Allah'ım lütfen bu bir kabus olsun, lütfen...
"Şaka gibi ya." diye kendi kendime mırıldandım. Sonra transtan çıkmış gibi kafasını iki yana salladı. Tekrardan ciddi ifadesine bürünüp yanımıza doğru gelmeye başladı.
"Oha." dedi Sude Furkana bakarak. Ağzı bir karış açılmış, parlayan gözlerle Furkana bakıyordu.
Furkan tam karşımızda durdu. Yanında o gün odama giren ve saçma imalarda bulunan arkadaşıda vardı. "Pardon?" dedi Sudeye anlamamış gözlerle bakarak.
"Ohaa." dedi Sude tekrardan. Bi anda elini uzatıp Furkanın koluna dokundu. "Oha! Sen gerçeksin. Sen ünlü Furkan Koroğlu değilmisin. Duyduğuma göre 20 villan, 15 uçağın, 10 malikanen, 50 den fazla araban varmış." dedi hala parıldayan gözlerle bakarak.
"Çüşş." dedi Miraç.
"Yuh." dedim hayrete düşmüş şekilde.
"Yok artık." dedi Furkan.
"Benim niye haberim yok." diye yükseldi arkadaşı.
Adam zenginlikte master yapmış.
Konuya Furkan sessizliğini bozarak açıklık getirdi. "Her ne duyduysanız, yanlış duymuşsunuz. Maalesef o kadar varlıklı değilim." dedi.
"Olsunnn, yine de ünlüsün dimi, ona bakmak gerek. Ben senin çok büyük takipçinimm." diyerek ellerini birleştirdi ve çenesinin altına koydu. Gözlerinden kalp çıkıyordu terimi gerçek olsaydı Sudenin gözleri resmen kalpler saçıyor olurdu.
Allah bu kıza akıl fikir versin.
Sudenin kolunu tutarak kendime dönerdim. "Uçak kaçıcak gel hadi." dedim ve çekiştirmeye başladım.
"Hı hı." diyerek yürümeye başladı. Hatta bi ara tökezledi ama hemen geri toparladı.
Yürümeye devam ediyordum ki arkamda başka ayak sesleri duyunca arkama döndüm. Sakin bir şekilde arkadaşıyla bizim bineceğimiz uçağa doğru yürüdüğünü gördüm.
Hâlâ ona bakarken tam yanımda durdu. Ne oldu dercesine tek kaşını kaldırdı.
"Sakın bana bodruma gidiyorum deme, yoksa şuraya bayılırım." dedim yanını parmağımla göstererek.
İşaret ettiğim yere baktı ve tekrar bana döndü. "O zaman bayılabilirsin, çünkü bende bodruma gidiyorum. Bu arada bayılırsan seni tutmam." dedi ve bana arkasını dönerek uçağa ilerledi.
Hayrete düşmüş bi şekilde arkasından baktım. Kapının önündeki host uçağın 2 dakika içinde kalkacağını söylediği halde dikilmeye devam ettim.
Kafamı iki yana sallayarak kendime geldim ve uçağa ilerledim. Business class bölümünden almıştık biletleri. Çok şanslı olmalıyım -ki buna şans denilirse- arkadaşı ve kendisi tam arkamızda ki koltukta oturuyordu. Sude ile ben yan yana, miraç ise önümüzde oturyordu.
Koltuğa oturup kafamı geri yasladım. 5 dakika sonra karşımda ki mini televizyondan film açmak için ileri uzanıyordum ki arkamdan savaş sesleri gelmeye başladı.
"Pars, düzgün sık şu silahı gerizekalı. Ölücez senin yüzünden." dedi Furkan. Ne olduğunu anlamak için arkamı döndüm.

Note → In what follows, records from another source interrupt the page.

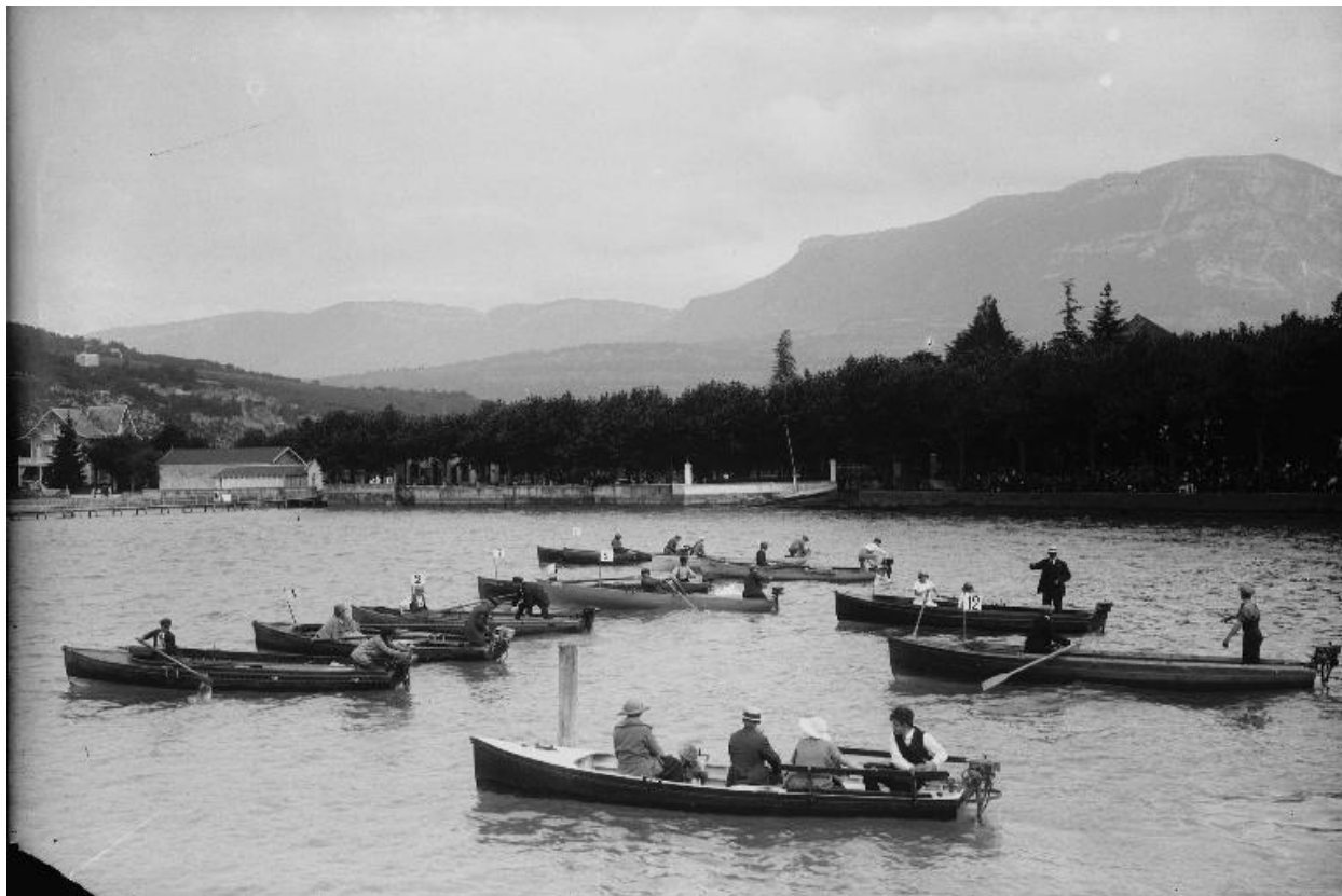
La villa à gauche, vers 1910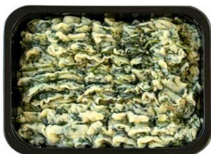
Spinaziepuree Purée d'épinards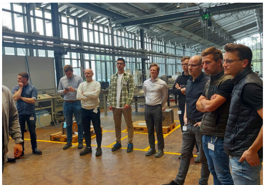
Impressionen aus dem ERFA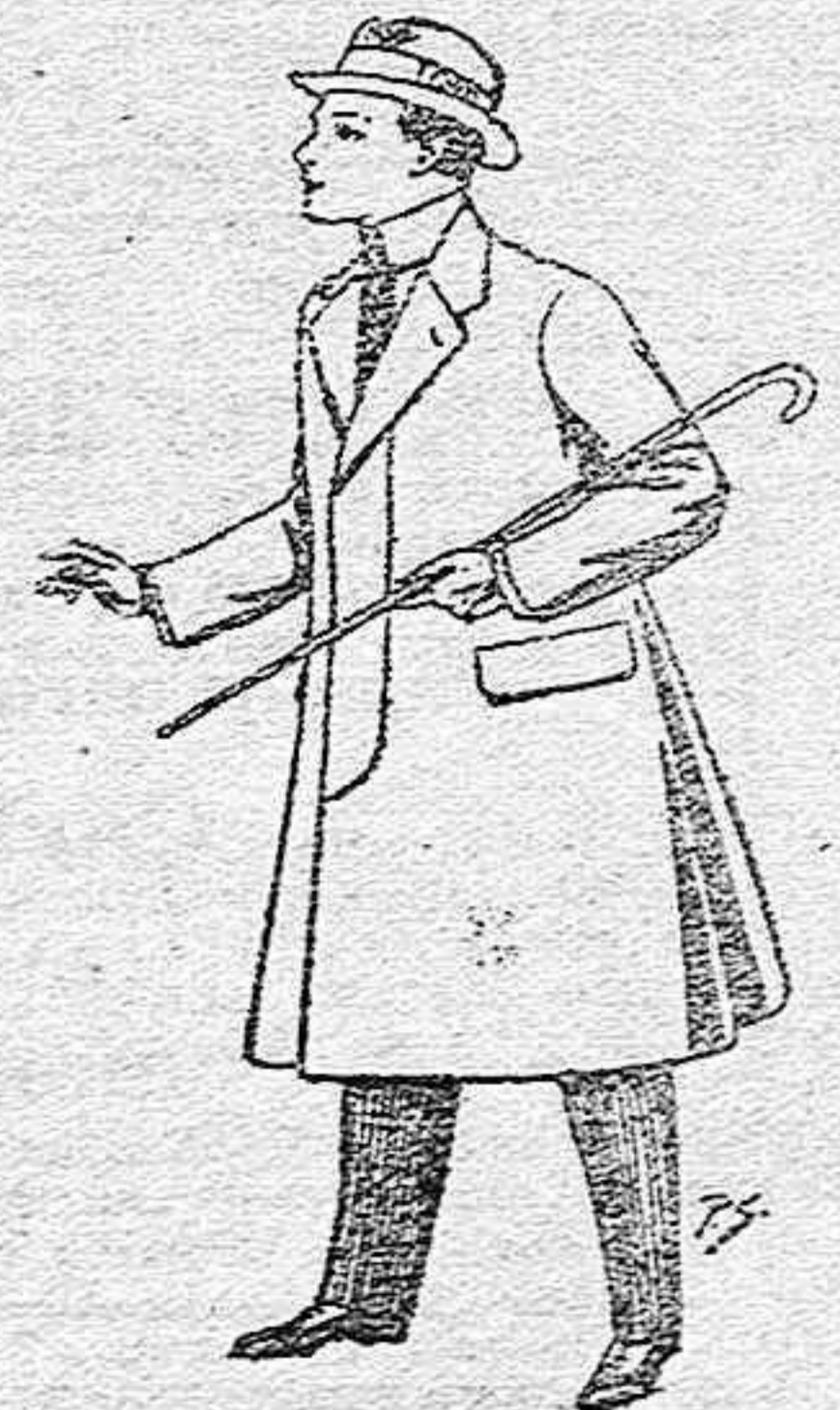
Gabanes de lana, vigenia o melton, con forros saten e seda, para niños de 10 a 12 años, de pesetas 20 a 53.

"Abicim sıkıyorum zaten yardıma gelsene, adamlar etrafımı sardı sen hangi cehennemdesin." arkamı döndüğümde elinde telefonlarla oyun oynadıklarını gördüm.
"Biraz sessiz olsanıza. Uçak kalkıcak şimdi. Rahatsız olan insanlar var." dedim. İkiside kafasını kaldırıp boş boş baktılar bana. Sonra etraflarına baktılar. Bizden başka kimse yoktu, yani uçak daha dolmamıştı veya sadece biz bu bölümden bilet almıştık. Bilmiyordum.